Source : Women's legal centre
The Women’s Legal Centre is inspired by the judgement handed down by the Western Cape High Court this morning in which the Court overturned an order made by the Cape Town Magistrate’s Court gagging our client from speaking about the fact that she was raped by her ex-boyfriend.
Our client, the applicant in this matter before the High Court on appeal, was raped on 6 July 2015 by her ex-boyfriend. She later spoke to her immediate friends and family about this experience, sought help from a counsellor and posted about her experience in a closed, private and anonymous social media platform group in which she named him as her rapist as a way to warn others, and to seek healing, community and support from other women who had similar experiences of sexual violence.
The posts were intended to remain private and not for public distribution. Without our client’s consent or permission, someone in the private group made her posts public on various social media platforms. In response to this, her ex-boyfriend applied for a protection order against her, arguing that she was harassing him by speaking about him to others through her identifying him as a rapist, and that this had caused him harm.
The Magistrates Court granted the protection order against our client which stated that our client was “not allowed to tell anyone, in any manner, that he had raped her”. Given the devastating and chilling effect this order had on our client and women in similiar positions, an appeal was filed to the High Court seeking to have the order overturned.
In a groundbreaking judgement handed down by Judge Henney J and Thulare J, the Court affirmed the right of our client and women to freely speak about violence without being gagged and silenced. The Judgement explained that our client, in speaking about her experience of rape, was “trying to be heard, to find healing and to protect others from suffering the same fate” and that she has the “right to speak out and express herself about the experiences she had endured”.
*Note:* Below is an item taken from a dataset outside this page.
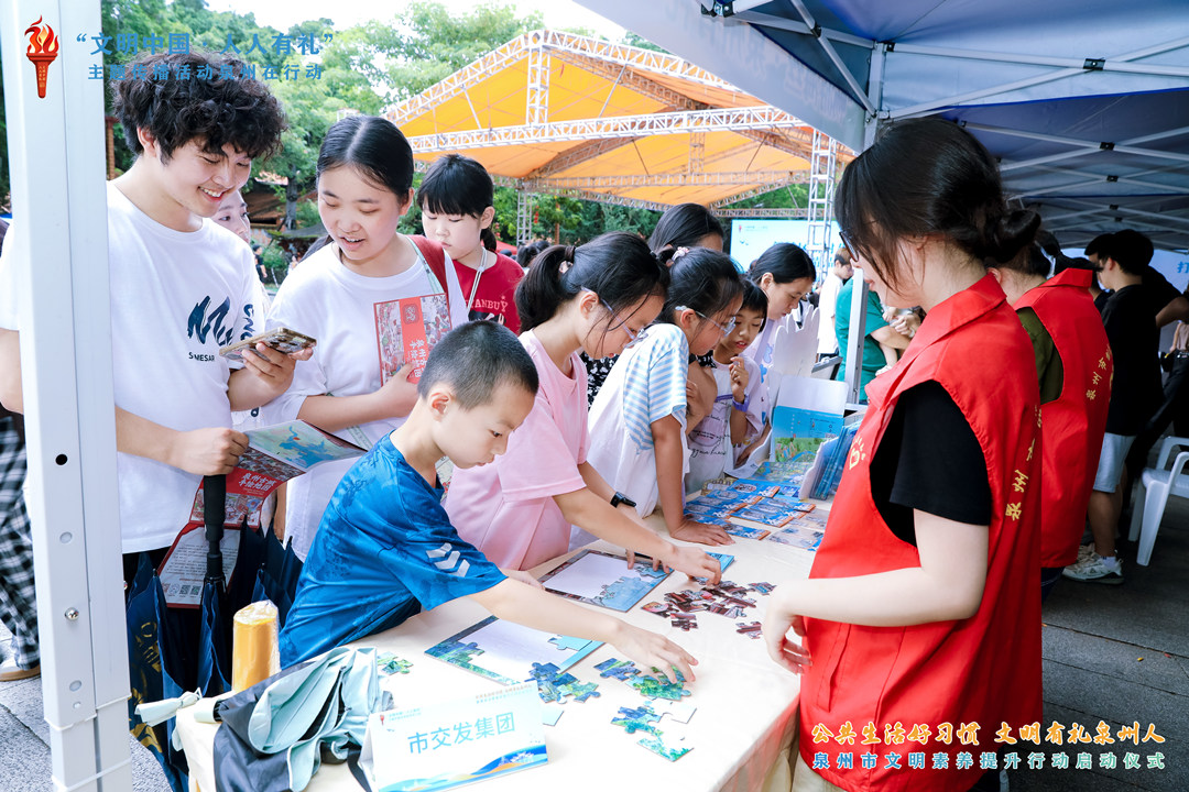 走文明飞行棋、挑战文明旅游拼图、参加环境保护有奖问答…近日,泉州府文庙广场热闹非凡,500多名市民、游客在宣传市集中体验文明之旅,在趣味闯关中提升文明素养。

The Court further found that a negative inference cannot be drawn in instances where a women has not laid a criminal charge against their perpetrator. The High Court agreed and highlighted the principles established by the Constitutional Court in another case in which the WLC participated as amicus curiae, Levenstein and Others v Estate of the Late Sidney Lewis Frankel and Others, which stated that the systematic sexual exploitation of women and children depends on secrecy, fear and shame. This acknowledges how women are threatened and shamed into silence which makes it impossible for victims to report what happened even to friends and loved ones, let alone state officials. The Court found that the magistrate in granting the protection order against our client in which he gagged and silenced her, perpetuated the notion that women who survive violence should not speak out, should remain silent about their experiences, and should be careful of who they speak to.
The High Court, having heard all the facts as presented by our client before them, further stated that there was no reason to doubt our client’s version and that the magistrate misdirected himself and was wrong in drawing a negative inference from the fact that there were no criminal charges laid against the respondent or conviction against him for rape. The High Court directly stated that “there was no need for her to lay a charge against him and to have him prosecuted and convicted to be labelled as a rapist based on the evidence of this case”. This affirms that the lack or absence of a conviction does not render a fact that has happened untrue or nonexistent especially in cases of rape where it has been judicially recognised that most victims of rape do not report rape to the police. We are encouraged by this because it affirms the WLC’s intersectional approach towards sexual violence and centering the lived realities of women and their experiences at the forefront of any litigation.
We continue our efforts to ensure that women who experience sexual violence are not gagged, and silenced through abusive court processes that weaponise the law against them. We look forward to courts continuing to apply the lived reality of women and an intersectional feminist approach in their adjudication of sexual offences matters.